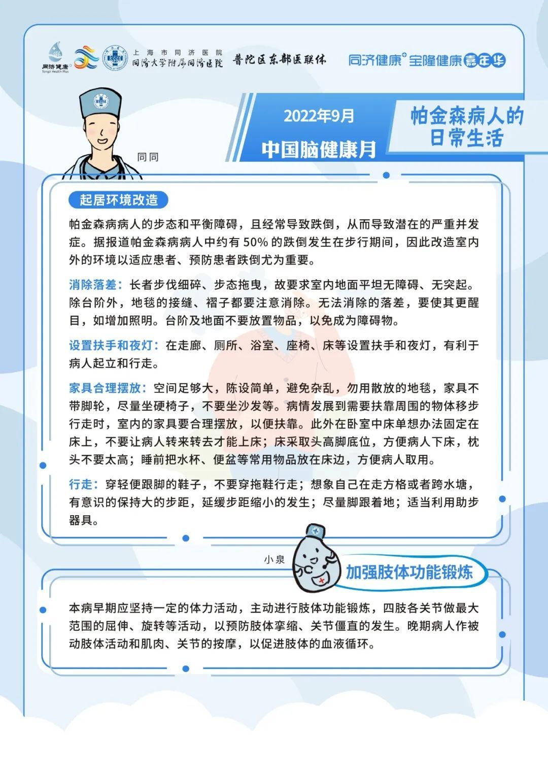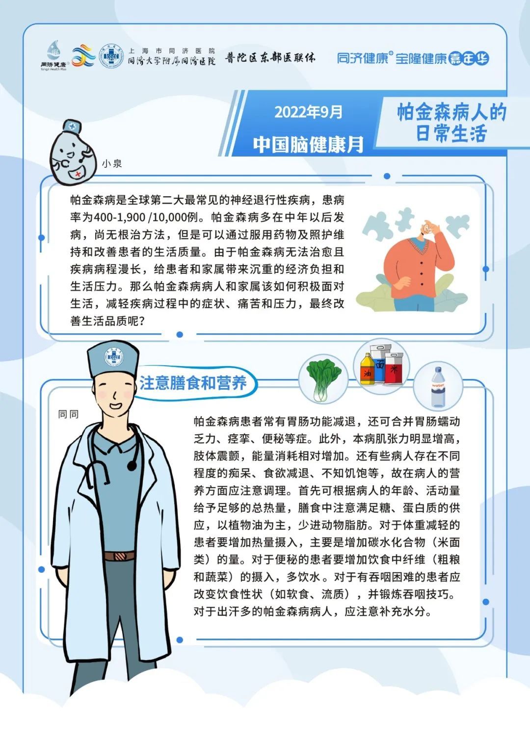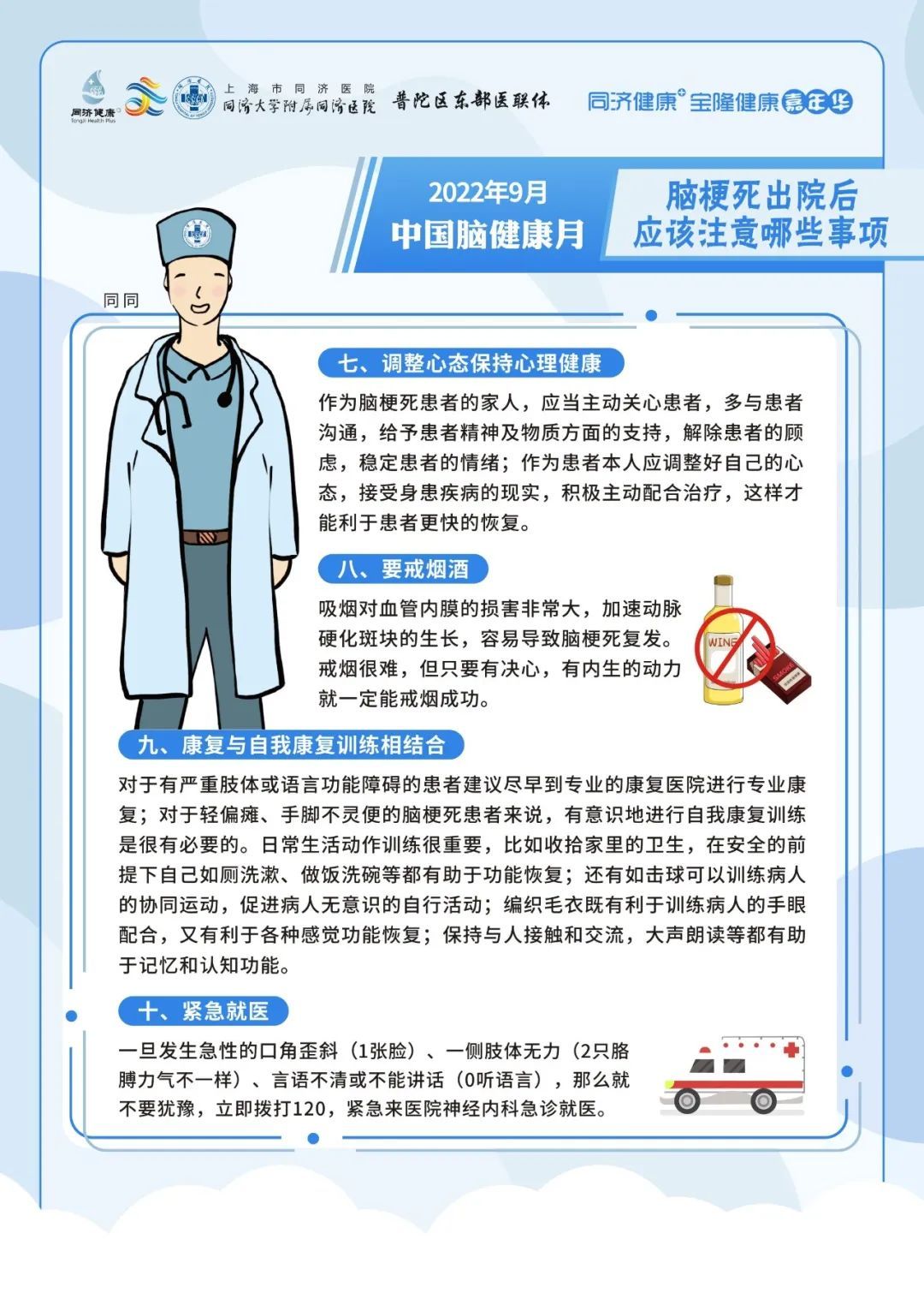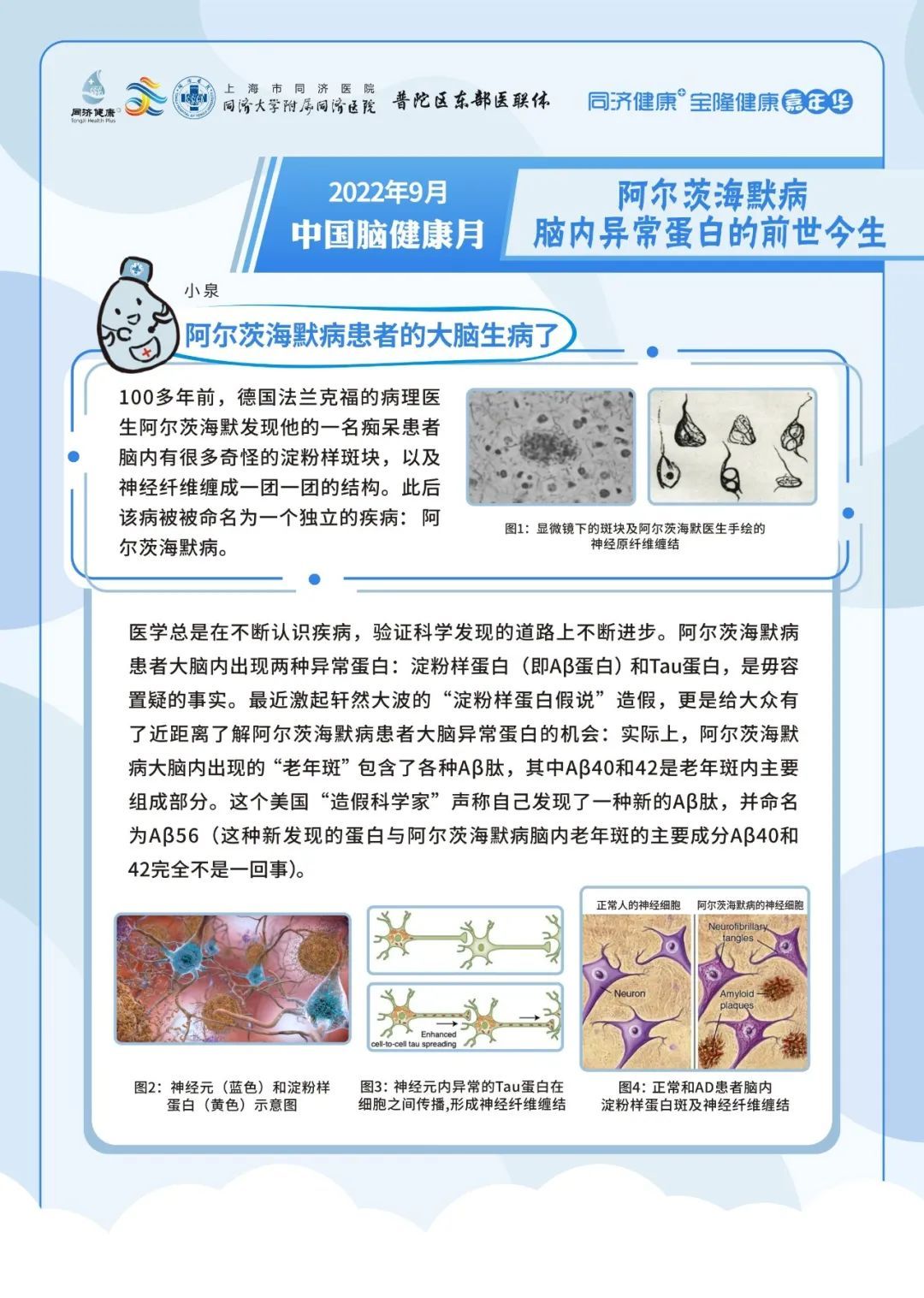 2022年9月7日上午09:00,上海市同济医院神经内科将在线上联合开展专家科普活动,向大家介绍脑梗死出院后的事项、帕金森病人的日常生活、阿尔茨海默病患者大脑内的异常蛋白的前世今生与出现卒中症状后能否等待。
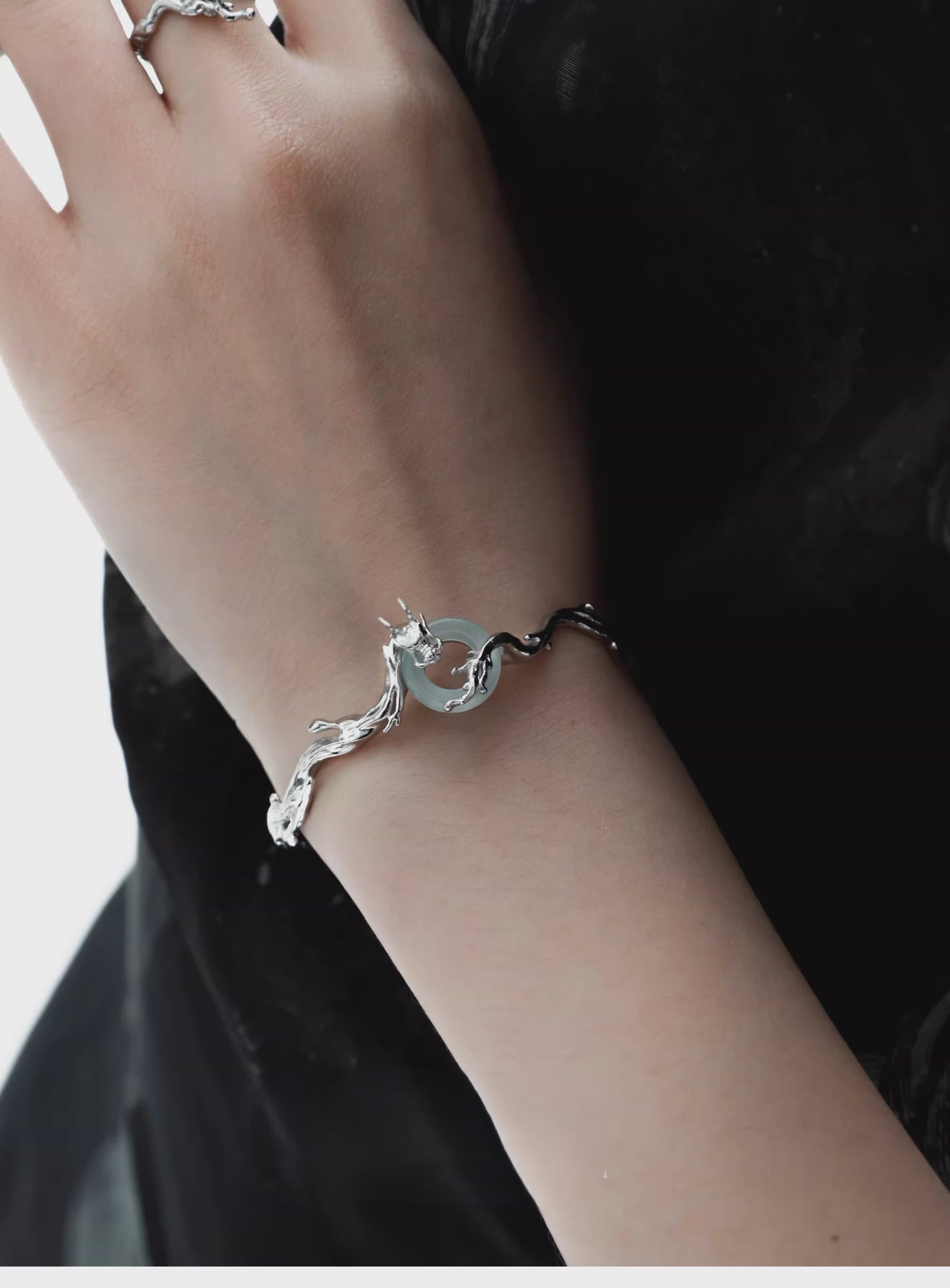 New Chinese Style Silver Wandering Dragon Holding Jade Bracelet
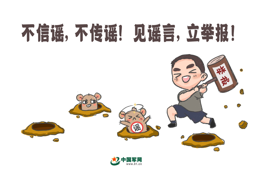 网上不时有不法分子编造传播涉军谣言,诱导官兵主动暴露军人身份。战友们要提高鉴别力,莫被“带节奏”,做到“不信谣、不传谣,见谣言、立举报”。
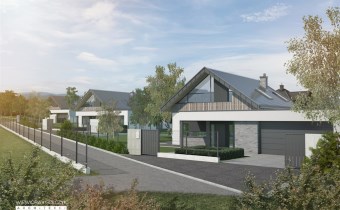 Obecny właściciel posiada dokumentację techniczną i ważną decyzję zezwalającą na budowę nowoczesnego budynku mieszkalnego o pow. 176 m2 z garażem dwu-stanowiskowym o pow. 41 m2 wg indywidualnego projektu architektonicznego.
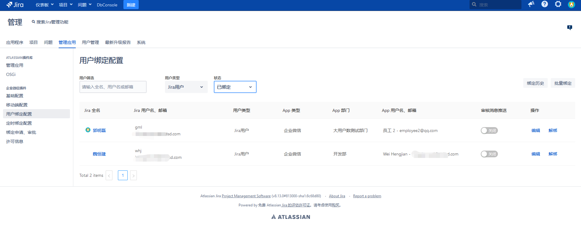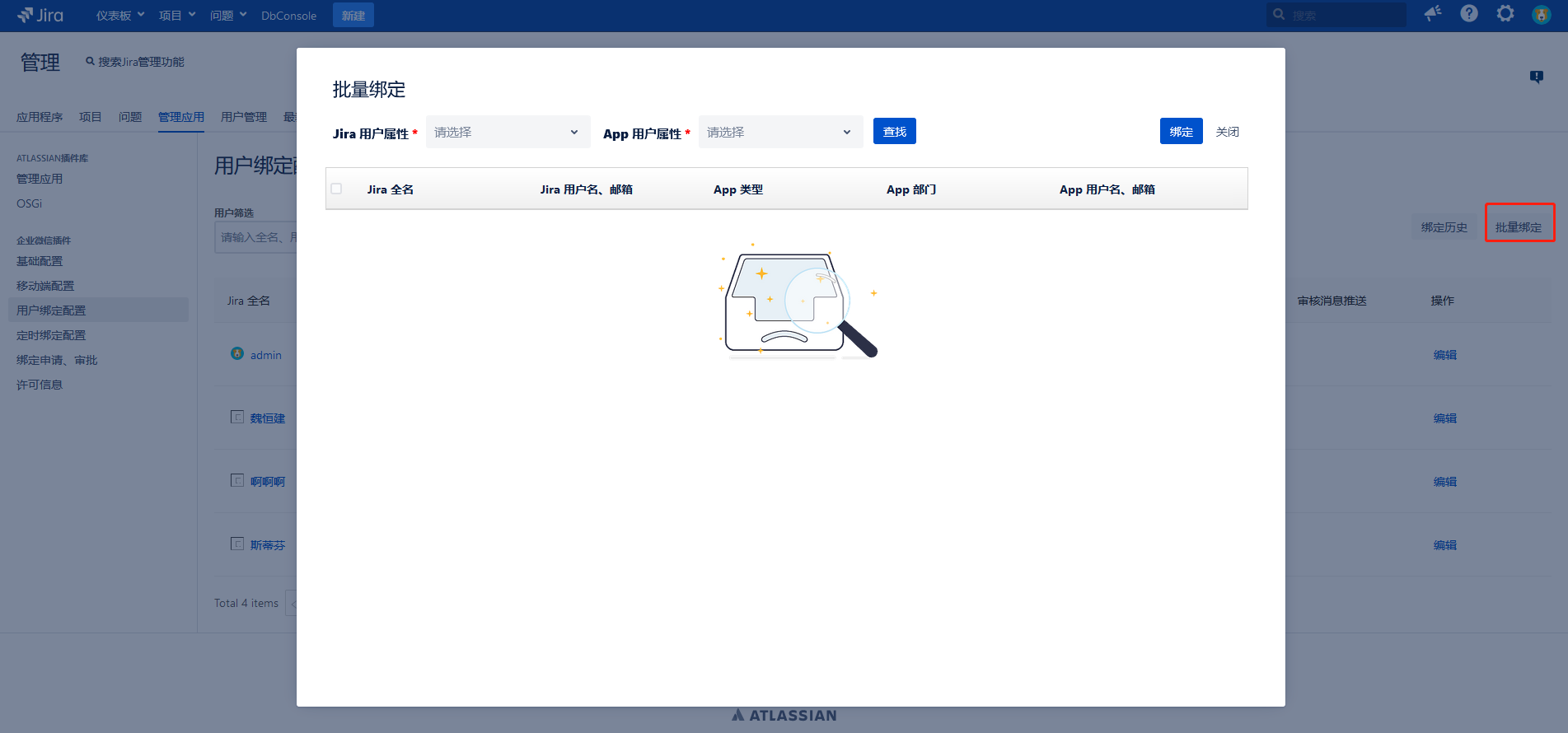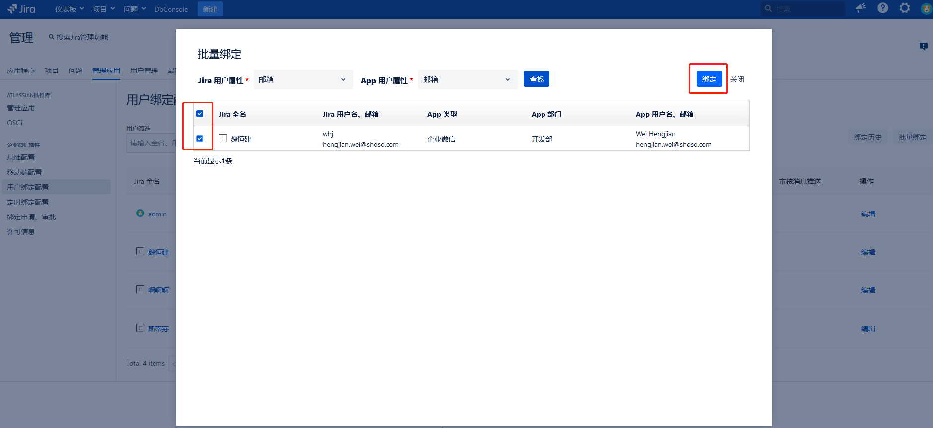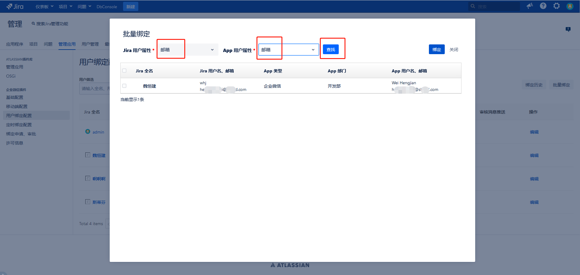 用户可根据 Jira 用户的邮箱、用户名、全名,和 App 用户ID、姓名、邮箱进行匹配查询,并对查询结果进行批量绑定。
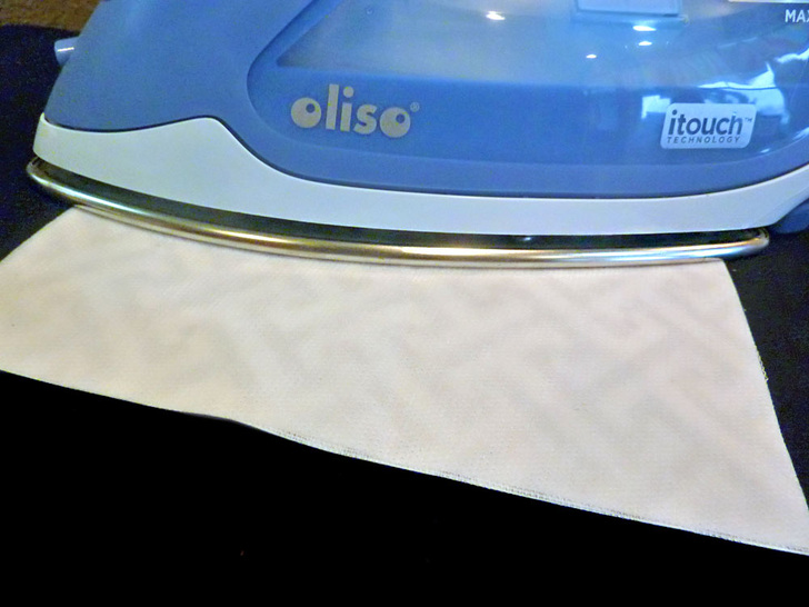 - Following manufacturer’s instructions, fuse the interfacing to the wrong side of the back exterior piece, the bottom front exterior piece, and the top front exterior piece.
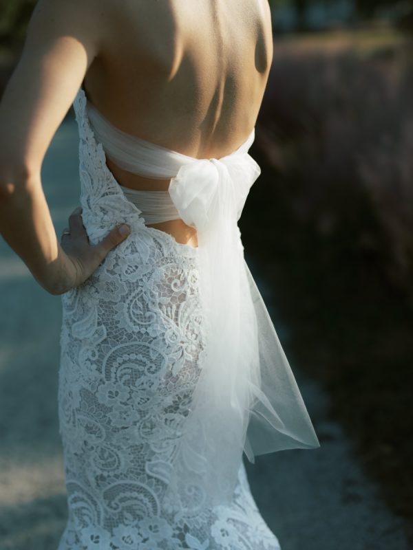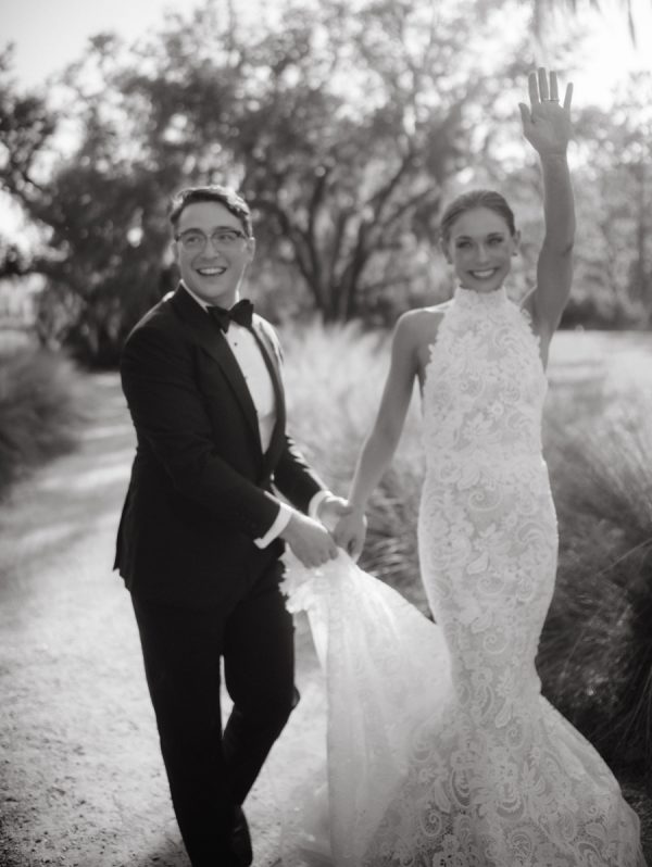 For her bridal look, Rebekah chose a high-neck halter gown by Oscar de la Renta — a textural, dramatic silhouette with timeless sophistication. Her unique after-party look featured a hand-bedazzled white Mets jersey to surprise her new husband.
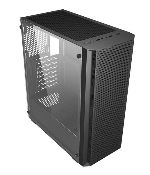 Prevedenie skrine:Midi Tower; Farba skrine:Čierna; Počet pozícií 3.5" (HDD):2; Počet interných pozícií 2.5":2; Vybavenie PC skrinky:Predný Audio panel, Predný USB panel, Priehľadná bočnice
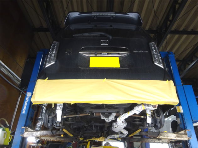 ホンダ N-WGN JH4 S07B ノックスドール 防錆施工 入庫しました (^_^) 下回り 洗浄後... マスキングを施し ノックスドール フル施工です (^▽^) ブレーキ ショック と.
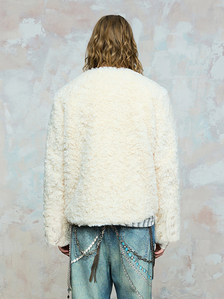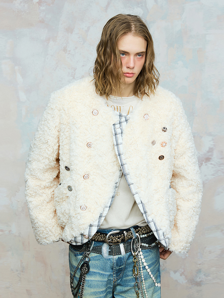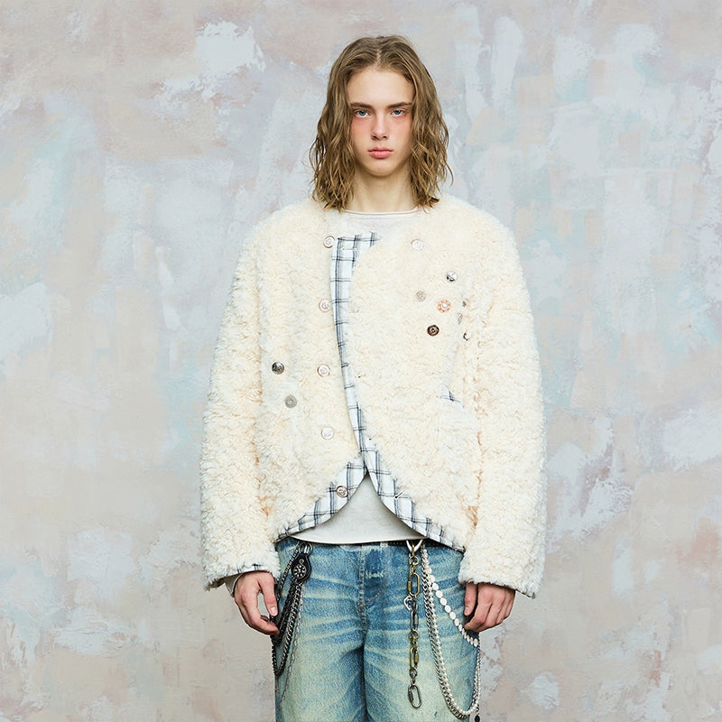 Tweed Plaid Lining Patchwork Fleece Decorated Button Jacket WN17839
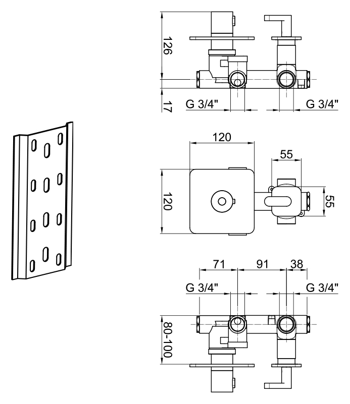 Встраиваемый смеситель для душа Webert Living LV971302560 с термостатом, на один поток, в комплекте с внутренней частью и монтажной шиной (планкой).

# # # #

■ Instructions for the task: Pictures excluded, copy the lines exactly from where the material starts to the line with "- Following manufacturer’s", inclusive.

■ Answer section:
 2022年9月7日上午09:00,上海市同济医院神经内科将在线上联合开展专家科普活动,向大家介绍脑梗死出院后的事项、帕金森病人的日常生活、阿尔茨海默病患者大脑内的异常蛋白的前世今生与出现卒中症状后能否等待。
 New Chinese Style Silver Wandering Dragon Holding Jade Bracelet
 网上不时有不法分子编造传播涉军谣言,诱导官兵主动暴露军人身份。战友们要提高鉴别力,莫被“带节奏”,做到“不信谣、不传谣,见谣言、立举报”。
 Obecny właściciel posiada dokumentację techniczną i ważną decyzję zezwalającą na budowę nowoczesnego budynku mieszkalnego o pow. 176 m2 z garażem dwu-stanowiskowym o pow. 41 m2 wg indywidualnego projektu architektonicznego.
 用户可根据 Jira 用户的邮箱、用户名、全名,和 App 用户ID、姓名、邮箱进行匹配查询,并对查询结果进行批量绑定。
 - Following manufacturer’s instructions, fuse the interfacing to the wrong side of the back exterior piece, the bottom front exterior piece, and the top front exterior piece.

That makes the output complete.